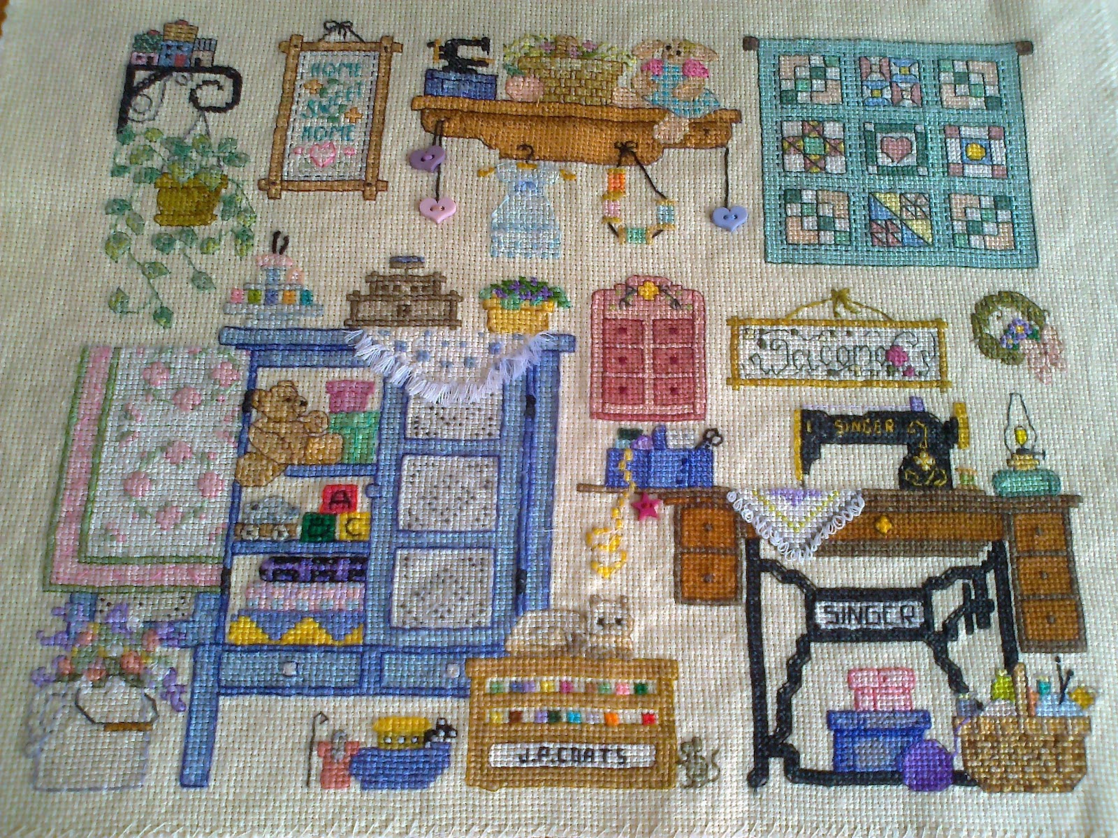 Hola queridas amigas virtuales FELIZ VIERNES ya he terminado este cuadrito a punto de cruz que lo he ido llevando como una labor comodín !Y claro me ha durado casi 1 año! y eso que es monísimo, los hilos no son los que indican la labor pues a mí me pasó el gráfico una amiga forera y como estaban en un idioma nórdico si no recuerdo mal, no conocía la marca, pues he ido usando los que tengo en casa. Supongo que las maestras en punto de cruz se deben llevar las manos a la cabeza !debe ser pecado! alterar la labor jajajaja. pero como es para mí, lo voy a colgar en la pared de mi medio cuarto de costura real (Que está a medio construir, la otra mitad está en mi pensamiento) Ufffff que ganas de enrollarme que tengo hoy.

---

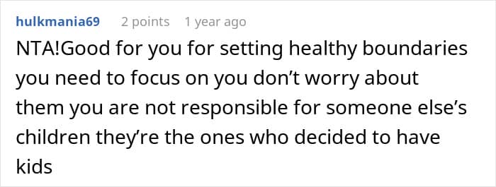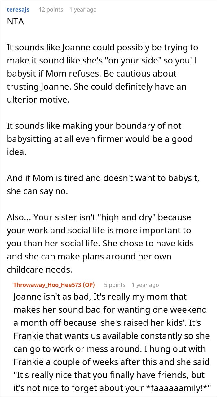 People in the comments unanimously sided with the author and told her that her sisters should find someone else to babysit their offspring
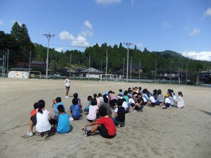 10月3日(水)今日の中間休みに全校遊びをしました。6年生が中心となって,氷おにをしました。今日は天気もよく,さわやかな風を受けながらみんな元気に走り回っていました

* Problem description: Looking at the listing above, which lines run from the one containing "People in the" through the one containing "10月3日(水)今日の中間休"? Print exactly those, ends included, pictures excluded.

* Response box:
 People in the comments unanimously sided with the author and told her that her sisters should find someone else to babysit their offspring
 10月3日(水)今日の中間休みに全校遊びをしました。6年生が中心となって,氷おにをしました。今日は天気もよく,さわやかな風を受けながらみんな元気に走り回っていました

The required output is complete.